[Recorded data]
┏━━

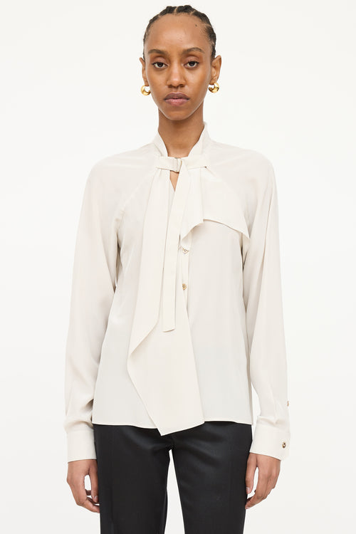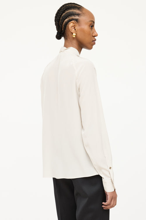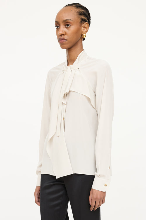 Pre-owned Gucci grey silk ruffled blouse featuring v-neck, draped ruffle at collar and front with d-ring, raglan sleeves, button up front, and buttoned cuffs.
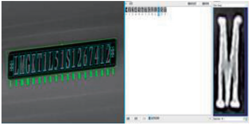 例如,在汽车生产中用于检查车辆的VIN(车辆识别代号)是否清晰、正确,或是在交通管理中用于自动识别车牌号码。该技术不仅能检测字符是否存在,还能精确读取字符内容,因此广泛应用于需要自动提取和校验文本信息的场景。实现此技术需要结合高质量的光学成像与高效的字符处理算法。尾盖VIN条码信息读取示例如图4所示。
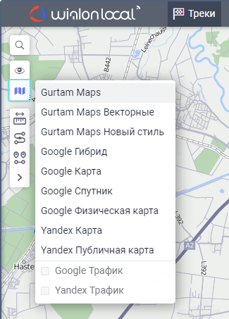 Для добавления и удаления видимых слоев на карте используйте кнопку
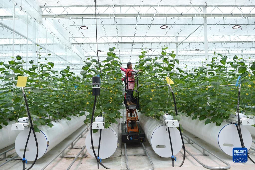9月16日,工作人員在浙江省嘉興市一家農業(yè)數字化工廠(chǎng)的種植車(chē)間內乘軌道升降車(chē)對蔬菜進(jìn)行日常管理。新華社記者 韓傳號 攝
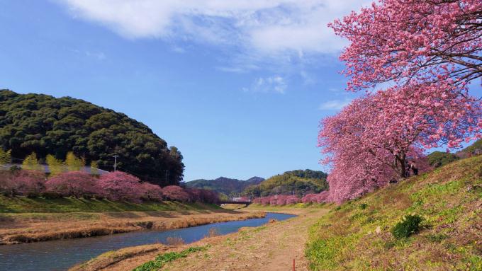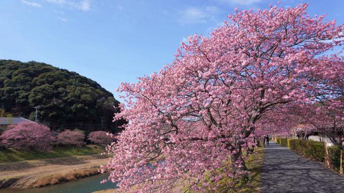 桑原さん:今年は特別に花の勢いがよくて、早くも(2月上旬の段階で)見ごろに近い状態となっています。ただ今シーズンは、桜並木の下、川の土手に咲いていた菜の花が(球根で育つ)水仙やあじさいの花が強い状況になっているため、(菜の花が)やや弱くなってしまっています。こういった風で菜の花の種が飛ばされて、また勢いを盛り返してくれることを期待しています。桜と菜の花の共演が楽しめるポイントもありますので、ぜひ探していただけたらと思います。風が無ければ日差しも強くなってきていますので、とても過ごしいいと思います。河津桜は満開になってからも花の持ちがいいので、しばらくの間、見ごろの期間が続きます。
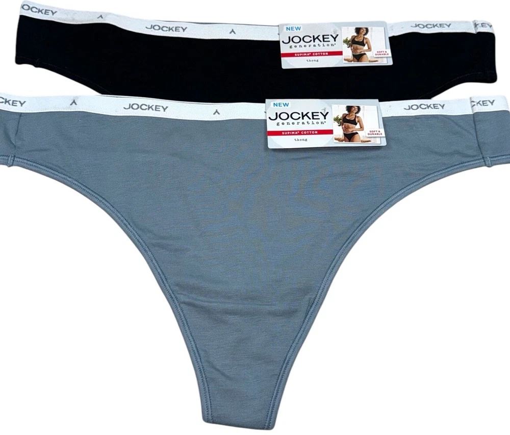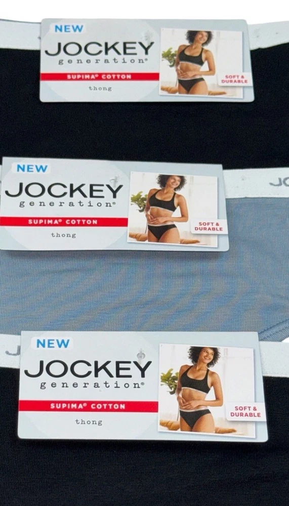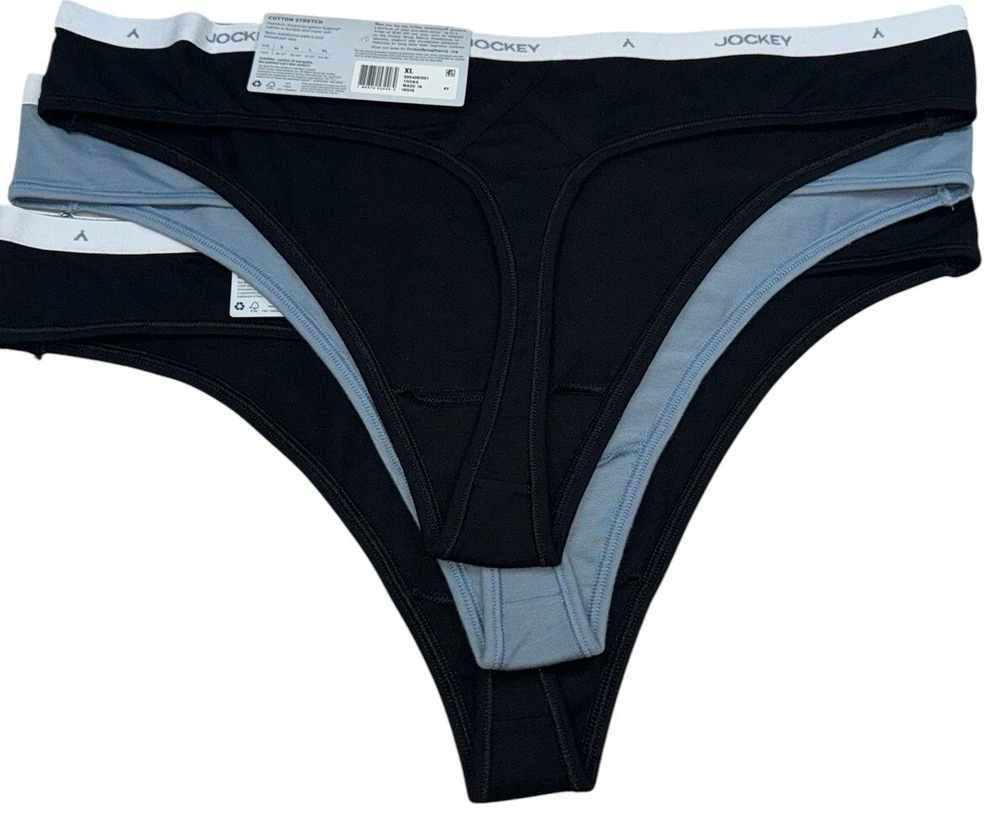 JOCKEY Women’s 3-Pair Thong Underwear Panties Supima Cotton Blend 2 Black 1 Blue Size XL New With Tags 3-Pair Women’s Size Available: X-LARGE Body: 92% Supima Cotton 8% Spandex Color : 1 Blue (044) / 2 Black (001) Style# 5406 Machine Washable Imported
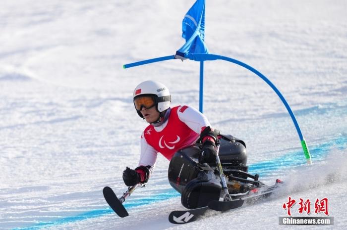 3月10日,中國選手梁子路比賽中。當(dāng)日,北京2022年冬殘奧會殘奧高山滑雪男子大回轉(zhuǎn)-坐姿決賽在延慶國家高山滑雪中心舉行,中國選手梁子路以2分00秒92的成績摘得銅牌。 中新社記者 楊華峰 攝
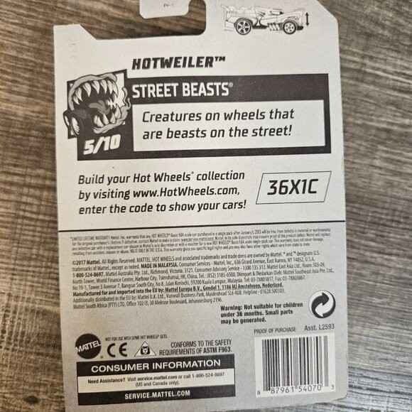 Hot Wheels 50th Anniversary. Hotweiler 5/10 113/365. HW Street Beasts. Some Cards may have soft corner(s), slight bend or showing crease or may have some text removed due to removal of a previous sticker. Like New Condition. ITEM #2113
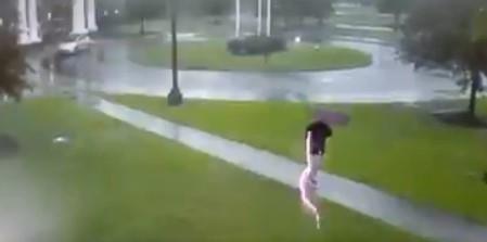 Kao što se može videti na snimku nadzornih kamera, grom je udario samo nekoliko centimetara od njegovih nogu što ga je nateralo da ispusti kišobran.
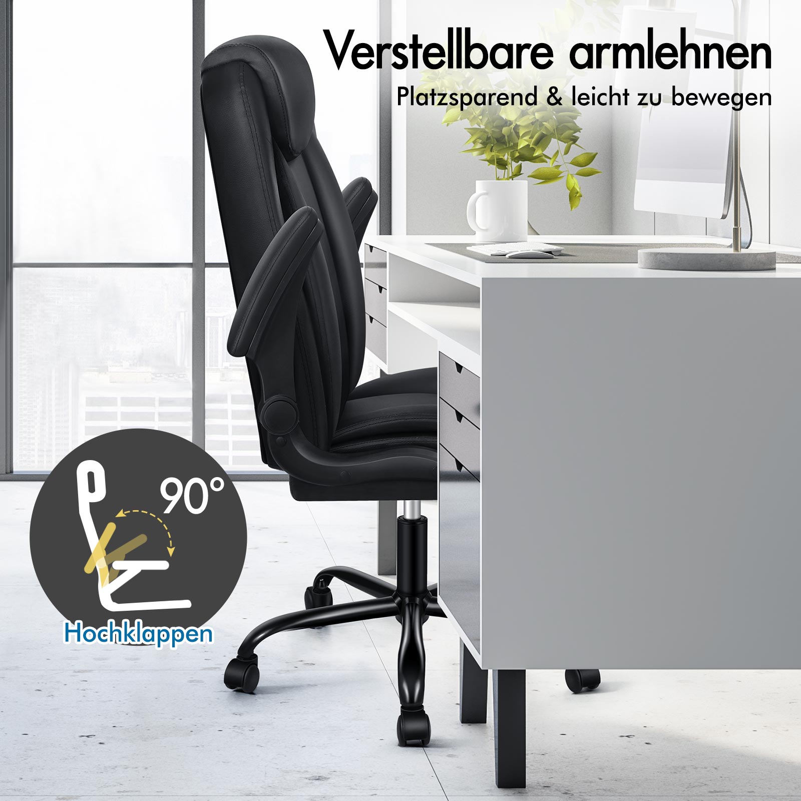 Funktionen* Luxuriöses PU-Leder und schickes Design verleihen Ihrem Raum dauerhafte Eleganz* Die ergonomische S-förmige Rückenlehne passt sich der natürlichen Körperform an und bietet umfassenden Halt* Gepolsterter Sitz und hohe Rückenlehne mit 2 Massagepunkten lindern den Druck auf Kopf und Rücken und sorgen für ultimativen Komfort * Hochklappbare Armlehnen und leichtgängige 360°-Lenkrollen ermöglichen mühelose Bewegung und platzsparenden Komfort * Sitzkissen mit hochelastischem Schaumstoff für ganztägigen Komfort * Stabiler Rahmen mit Chrombasis* Flexible Neigungsverstellung * Keine Kompromisse bei der Qualität: Wir vermeiden recycelten Schaumstoff und sparen nie an der Polsterdicke, um Kosten zu senken * Ideal für den Einsatz zu Hause, im Büro und im Geschäft
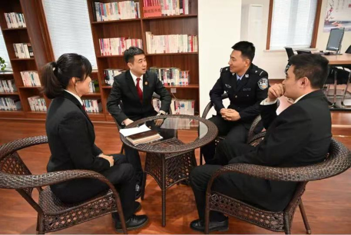 庭长依托“青蓝工程”指导年轻干警,通过案例研讨、庭审示范等提升业务能力。
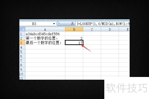 6、按住CTRL+Shift+Enter组合键,可在B3单元格返回字符串中最后一个数字的位置。
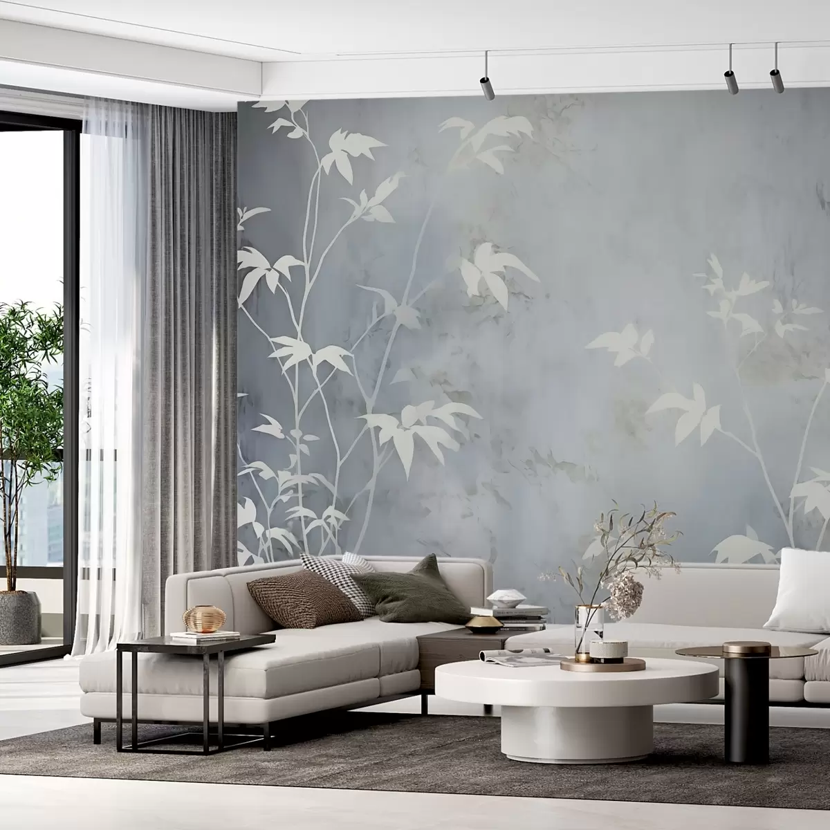 Fotomurales Siluetas blancas de vegetación sobre fondo moteado con textura Nr. w02792
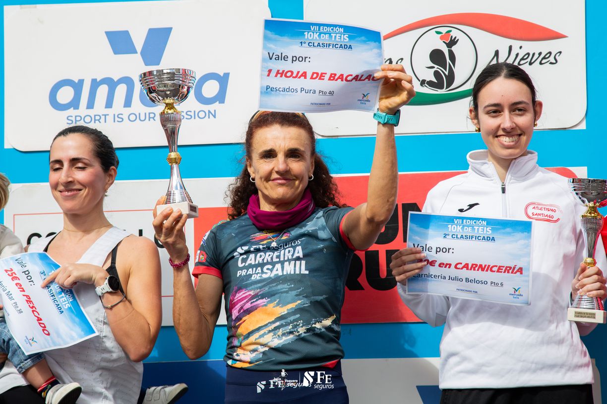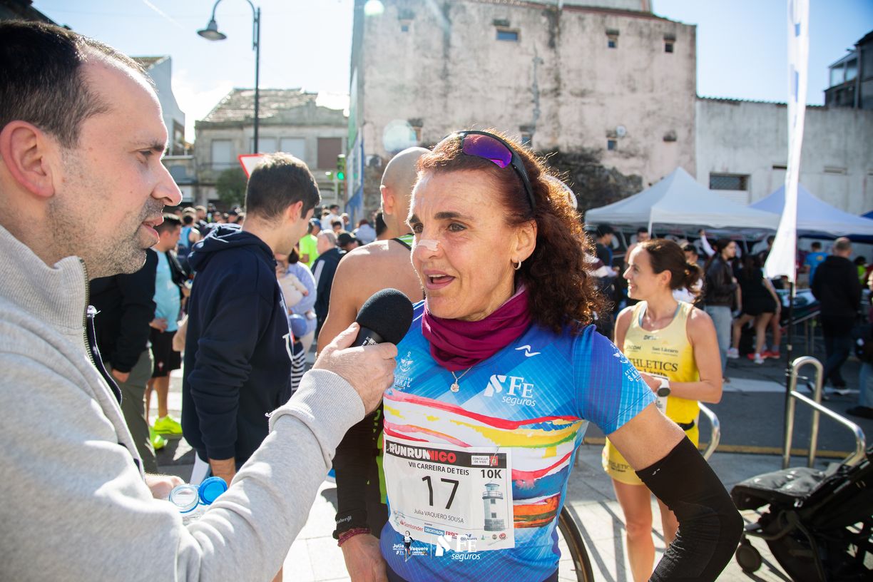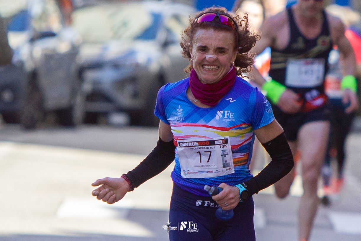 Nuestra compañera olímpica Julia Vaquero (55, veteranos de Samil) fue la ganadora absoluta de esta tercera jornada del circuito “Run-Run” celebrada en el barrio vigués de Teis, sobre un trazado de asfalto muy exigente, con cuestas bastante empinadas al bajar y por supuesto para subirlas ya en la parte final. “Franc el cuádriceps de la pierna izquierda se me cargaba al bajar. También es cierto que era la pierna sobre la que me caí el otro día entrenando con la bici y es posible que todavía estuviera condolida. Pero bueno, supe correr a un buen ritmo, controlando el esfuerzo” comentaba Julia.
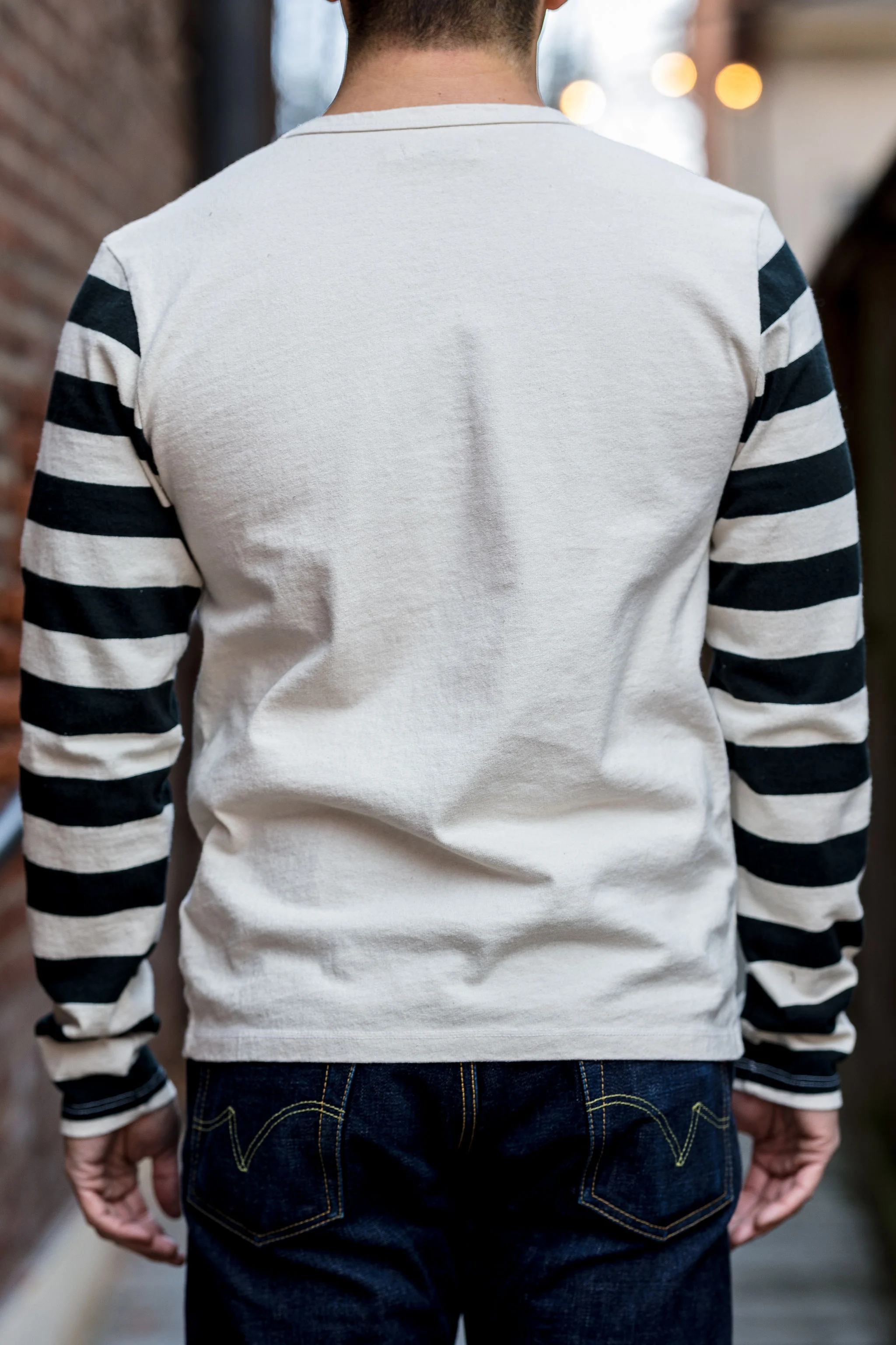 The long awaited Freenote Shifter Striped Long Sleeve is back! Combining vintage a motorcycle striped sleeve look with the ultra popular Freenote heavyweight 13oz fabric, the Shifter long sleeve combo will have you searching for an old Harley to go with your tee.

┗━━

Starting from the line with "桑原さん:今年は特別に花の勢" in the records above, repeat each line exactly until you have written the line with "Kao što se može", then stop; drop the pictures.

§ **Response to the task**
 桑原さん:今年は特別に花の勢いがよくて、早くも(2月上旬の段階で)見ごろに近い状態となっています。ただ今シーズンは、桜並木の下、川の土手に咲いていた菜の花が(球根で育つ)水仙やあじさいの花が強い状況になっているため、(菜の花が)やや弱くなってしまっています。こういった風で菜の花の種が飛ばされて、また勢いを盛り返してくれることを期待しています。桜と菜の花の共演が楽しめるポイントもありますので、ぜひ探していただけたらと思います。風が無ければ日差しも強くなってきていますので、とても過ごしいいと思います。河津桜は満開になってからも花の持ちがいいので、しばらくの間、見ごろの期間が続きます。
 JOCKEY Women’s 3-Pair Thong Underwear Panties Supima Cotton Blend 2 Black 1 Blue Size XL New With Tags 3-Pair Women’s Size Available: X-LARGE Body: 92% Supima Cotton 8% Spandex Color : 1 Blue (044) / 2 Black (001) Style# 5406 Machine Washable Imported
 3月10日,中國選手梁子路比賽中。當(dāng)日,北京2022年冬殘奧會殘奧高山滑雪男子大回轉(zhuǎn)-坐姿決賽在延慶國家高山滑雪中心舉行,中國選手梁子路以2分00秒92的成績摘得銅牌。 中新社記者 楊華峰 攝
 Hot Wheels 50th Anniversary. Hotweiler 5/10 113/365. HW Street Beasts. Some Cards may have soft corner(s), slight bend or showing crease or may have some text removed due to removal of a previous sticker. Like New Condition. ITEM #2113
 Kao što se može videti na snimku nadzornih kamera, grom je udario samo nekoliko centimetara od njegovih nogu što ga je nateralo da ispusti kišobran.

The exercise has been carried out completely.